La série de la semaine : "The Magicians", c'est Harry Potter sous LSD

Romain Cheyron
Publié le 3 octobre 2016 à 19h10, mis à jour le 3 octobre 2016 à 19h20
La série de la semaine : "The Magicians", c'est Harry Potter sous LSD

Source : SyFy

LC...ÉRIES - Qui dit lundi, dit rendez-vous séries de LCI, et cette semaine nous nous intéressons à "The Magicians", qui débarque ce mardi 4 octobre sur SyFy France. Une version plus adulte de la saga "Harry Potter", dans laquelle de jeunes adultes découvrent la magie et l'univers complètement barré qui va avec.

Papillons, rêve érotique pop, université magique  cachée de tous, livres sexuellement actifs... Le monde de The Magicians - créée par Sera Gamble et John McNamara - est aussi surprenant que fascinant.
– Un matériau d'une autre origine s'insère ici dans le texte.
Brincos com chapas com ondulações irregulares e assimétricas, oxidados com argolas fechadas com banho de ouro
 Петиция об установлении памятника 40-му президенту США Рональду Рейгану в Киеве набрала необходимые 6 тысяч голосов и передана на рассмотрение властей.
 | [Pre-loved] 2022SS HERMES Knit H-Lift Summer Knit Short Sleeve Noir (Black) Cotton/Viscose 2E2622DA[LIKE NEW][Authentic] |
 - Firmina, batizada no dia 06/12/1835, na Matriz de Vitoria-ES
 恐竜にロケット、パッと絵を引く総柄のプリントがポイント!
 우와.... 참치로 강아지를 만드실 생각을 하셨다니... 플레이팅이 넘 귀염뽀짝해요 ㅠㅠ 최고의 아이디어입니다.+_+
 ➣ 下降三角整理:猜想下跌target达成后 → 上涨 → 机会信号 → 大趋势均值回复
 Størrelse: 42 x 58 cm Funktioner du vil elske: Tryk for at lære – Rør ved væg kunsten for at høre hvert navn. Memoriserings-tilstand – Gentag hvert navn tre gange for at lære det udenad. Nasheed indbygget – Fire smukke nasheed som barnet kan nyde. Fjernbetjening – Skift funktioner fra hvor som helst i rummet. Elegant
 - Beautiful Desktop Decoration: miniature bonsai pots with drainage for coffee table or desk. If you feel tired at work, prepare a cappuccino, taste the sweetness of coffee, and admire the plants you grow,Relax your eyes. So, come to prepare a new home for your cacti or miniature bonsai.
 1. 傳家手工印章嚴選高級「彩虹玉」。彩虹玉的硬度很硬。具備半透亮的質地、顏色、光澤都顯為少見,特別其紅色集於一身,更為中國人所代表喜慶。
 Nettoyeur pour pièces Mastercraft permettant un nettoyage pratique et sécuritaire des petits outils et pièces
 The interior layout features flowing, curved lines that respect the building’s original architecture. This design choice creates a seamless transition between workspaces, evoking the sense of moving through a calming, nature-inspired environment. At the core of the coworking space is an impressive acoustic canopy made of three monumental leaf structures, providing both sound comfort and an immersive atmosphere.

Quentin Coldwater, son personnage principal, n'est pas un homme comme les autres. Ce fan de la saga littéraire "Fillory and Further" - une sorte de Narnia - semble être l'élu que le monde magique attendait. On va rapidement se rendre compte qu'il a encore du chemin à faire pour y arriver. 

Incarné par l'acteur Jason Ralph, il intègre l'université de Brakebills, dans laquelle il va apprendre à utiliser ses pouvoirs et à les maîtriser. Il va rapidement faire la connaissance d'Alice (Olivia Taylor Dudley), Eliot (Hale Appleman), Penny (Arjun Gupta) et Margo (Summer Bishil)... Mais également de The Beast (La Bête), qui fait régner la terreur à Fillory - Quentin va réaliser que cet univers existe réellement - et veut se débarrasser de nos jeunes magiciens.

Le premier épisode est assez classique, et suit le roman du même nom, écrit par Lev Grossman, avant que la suite ne s'en détache légèrement. On suit Q - son pseudo, pour les amis - découvrir l'existence de Brakebills, passer ses examens et découvrir ses pouvoirs, pendant que sa meilleure amie, Julia (incarnée par Stella Maeve) se voit refuser l'accès, avant d'explorer la magie par des moyens moins légaux et plus dangereux. Le reste de la saison est un voyage complètement délirant sous substances illicites. Il ne s'agit pas d'un Harry Potter qui vit une crise de la vingtaine, on en est loin, même si les prémices peuvent s'en approcher.

Un parfait mélange des genres

La série est un parfait équilibre entre noirceur, comédie, fantastique, sexe et délire total. Si The Magicians s'intéresse à des sujets et problèmes sérieux - la dépression, la maladie mentale ou encore les relations humaines - elle n'oublie jamais son humour, qu'elle parvient à insuffler à chaque épisode. Non pas pour dédramatiser les moments les plus noirs, mais pour  apporter un véritable équilibre à la narration, pour véritablement coller à la nature humaine. 

"C'est excitant d'avoir la possibilité de jouer une vraie personne, parce que certains jours je suis triste, d'autres je me sens comme un intellectuel, et d'autres je suis d'humeur joyeuse. Et ces personnages sont autorisés à être ce mélange selon les situations qu'ils vivent", nous racontait Jason Ralph lors d'une interview à l'occasion du Festival de Monte Carlo.

The Magicians est peut-être la série la plus insaisissable de l'année. Qu'elle soit aimée ou pas, elle ne laisse pas insensible. Dans ses thèmes, dans son traitement, elle rappelle les heures les plus noires de Buffy contre les vampires. Et plus généralement, le show partage de nombreux points communs avec la série de Joss Whedon. Dans "À la dérive", le 17e épisode de la saison 6 de Buffy, l'héroïne est enfermée dans un asile psychiatrique, lui faisant croire que tout ce qu'elle a vécu jusqu'ici était dans sa tête. 

Quentin vit la même chose dans "The World in the Walls", l'épisode 4 de la saison 1 de The Magicians. Pour Stella Maeve, rencontrée, elle aussi, à Monte Carlo, le lien est très clair : "À l'époque, Buffy contre les vampires créait quelque chose de nouveau à la télévision, elle faisait quelque chose de différent, et c'est ce qu'on tente de faire avec notre série". 

Rendez-vous ce mardi 4 octobre sur SyFy France à partir de 20h55 pour les trois premiers épisodes.